After the rationing and the autarky, the Spanish tables were filled with color with "ye-yé" dishes such as the prawn cocktail or the fruit salad. Relegated to oblivion by new trends, the journalist Ana Vega claims them with "Cocina viejuna", a book that shows that nostalgia is also eaten.
Sirloin with green pepper, seafood salpicón, dates with bacon, stuffed pineapple, consommé, banana split and whiskey cake made the Spanish cuisine go from black and white to "technicolor", with carajillo and cubalibre end and end.
Vega, a Bilbao specialist in the history of gastronomy with humor and enthusiasm, recovers in "Cocina Viejuna" (Larousse) dishes that were "of a lovable horror" but whose "flavors and smells have remained in our memory even though it seems that we are ashamed of them, "he says in an interview with Efe.
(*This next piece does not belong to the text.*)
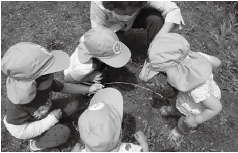
どんぐり保育室 園児たちの外遊びの様子

「地域にたすけあいの仕組みが必要だね!」の思いを持った組合員が集まり、2001年に任意団体を設立しました。武蔵野市の福祉は行政リード型と言われ、おおむね市民のニーズに答えられている状況でしたが、制度ではカバーできない多様な「困った」があるはず!とそれらを事業化し、公的制度に参画しながら、2008年には武蔵野市補助金事業「テンミリオンハウス事業」を受託、「くるみの木」の事業を開始し、ミニデイサービスのプログラムとランチを提供しています。2012年には「どんぐり保育室」を開設、現在は市の認可による「小規模保育事業B型」で0歳から2歳までの10人の子どもの保育をしています。

This culinary change is the reflection of the social lived in Spain between the 60s and 1992, when the "modernity" was inaugurated: the migration from the countryside to the city, the progressive incorporation of women into the labor market or access generalized to products such as chicken and the arrival of other outsiders such as hearts of palm, pineapple or avocado.
The fridge arrives in installments, the minipimer, the espresso pot and the bar furniture makes a hole in the living room; the supermarkets appear, the families go to the restaurants to celebrate on Sunday or at least a certain date … "Carpanta stopped dreaming about the roasted chicken and the freedom and the uncovering that brought democracy to the kitchen. mourning of the stomach ", sums up.
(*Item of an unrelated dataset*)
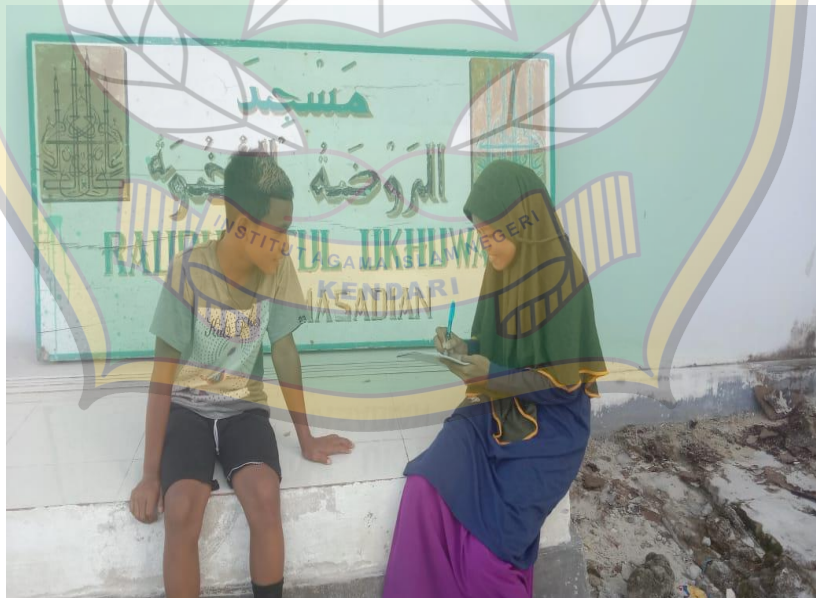
Sumber: Dialog di lapangan Tahun 2022

So they opened a gap between widowed lentils or chickpeas with chorizo plates where the ornamentation was important and colorful until it fell into baroque, and that had triumphed in other countries decades, and even centuries ago.
The height of sophistication in the 80s, recalls Ana Vega, was the cocktail of prawns, born in California plagued by the Gold Rush of the mid-nineteenth century; stuffed eggs, canapés and sputnik (a pinched ball with skewers) take receptions at home and the laborious jelly of the fifteenth century, by the work and grace of industrialization, materializes in the salty aspic.
Many of the recipes, such as villeroy oysters, were popularized from the "posh" restaurants to the more modest for the sake of modernity, which degraded the quality of their ingredients to become "stars come to less".
The social evolution, the arrival of the new Basque cuisine -in which the journalist finds old traces like the sea bass in green pepper sauce of Pedro Subijana or the scorpion fish pie of Juan Mari Arzak- did the rest and the duck in orange , of French origin and symbol of refinement, was relegated to the cheap menus of Chinese restaurants.
The siphons arrived with their foams and spherifications, the chefs set out to the R & D and the melon with ham was forgotten on the shelves along with the sandwich of fuagrás or the mortadella with olives and margarine of the children's snacks.
Still, there are those who share with the writer that some of the old creations "should not have been lost". Restaurants like LaKasa, in Madrid, have turned the Wellington sirloin into one of the attractions of its menu, while others like Horcher or Zalacaín have resisted fashions and now dazzle a new audience that discovers the pleasure of tradition.
Vega, who has invested two years of research and writing for "Cocina Viejuna", rejoices with it: "It is nice to recover where we came from to see our great gastronomic evolution".